Gold has minimal international functions. I have no idea what you're
talkinga bout when you say its main purpose is settling international
exchange rates. Those are set on foreign exchange markets. There's an
implicit gold price involved, but it's just a reflection of what the FX
markets decide. With fixed-rate currencies - there are a few left, though
their number is dwindling -  their value is tied to another currency, like
the US dollar or French franc.

>>This guaranteed the value of money alright, but it was very
>>harsh; a lot of output had to be sacrificed in order to
>>maintain the value of money.
>
>This is not true: there is nothing in Marx or a Marx inspired reading of
>the evidence to suggest such a conclusion.

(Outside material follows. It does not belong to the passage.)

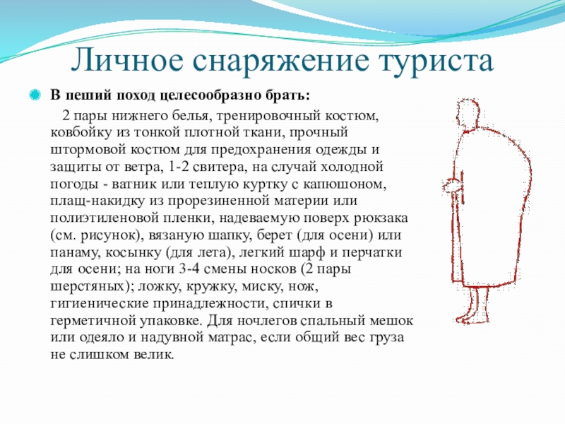 костюм, ковбойку из тонкой плотной ткани, прочный штормовой костюм для предохранения одежды и защиты от ветра, 1-2 свитера, на случай холодной погоды - ватник или теплую куртку с капюшоном, плащ-накидку из прорезиненной материи или полиэтиленовой пленки, надеваемую поверх рюкзака (см. рисунок), вязаную шапку, берет (для осени) или панаму, косынку (для лета), легкий шарф и перчатки для осени; на ноги 3-4 смены носков (2 пары шерстяных); ложку, кружку, миску, нож, гигиенические принадлежности, спички в герметичной упаковке. Для ночлегов спальный мешок или одеяло и надувной матрас, если общий вес груза не слишком велик.

Capital vol. 3, pp. 648-649 of the Vintage/Penguin edition: Marx said that
in crises, commodities cannot be transformed "into money, i.e. into their
own purely fantastic form." To reverse a drain of gold, for example,
interest rates are driven up "to guarantee the conditions of this
convertibility.... But the basis for it is provided by the basis of the
mode of production itself. A devaluation of credit money (not to speak of a
complete loss of its monetary character, which is in any case purely
imaginary) would destroy all existing relationships. The value of
commodities is thus sacrificed in order to ensure the fantastic and
autonomous existence of this value in money. In any even, a money value is
only guaranteed as long as money itself is guaranteed. That is why many
millions' worth of commodities have to be sacrificed for a few millions in
money. This is unavoidable in capitalist production, and forms one of its
particular charms...."

>If you take a look at your currency you will see that it is produced by
>your equivalent of a government central bank. Private banks lost the
>right to issue their own currency some time ago. Contrary to what the
>voodoo economists will tell you, private banks cannot create something
>out of nothing. The idea that banks can create credit "at the stroke of
>a pen" is a piece of bullshit instigated by Keynes. Treat it with the
>contempt it deserves.

Keynes never deserves contempt, but I'll forget about that for the moment.
In actual practice, banks extend credit and seek to fund their loans later.
This happens at the level of an individual bank and also at the systemic
level. Under modern systems, credit growth is driven by private demand and
the central bank is called upon to provide the reserves to validate the
credits. Marx is usually considered an endogenist theorist of money,
meaning that the supply of money follows the needs of circulation rather
than vice versa, the exogenous approach of Friedman and the monetarists.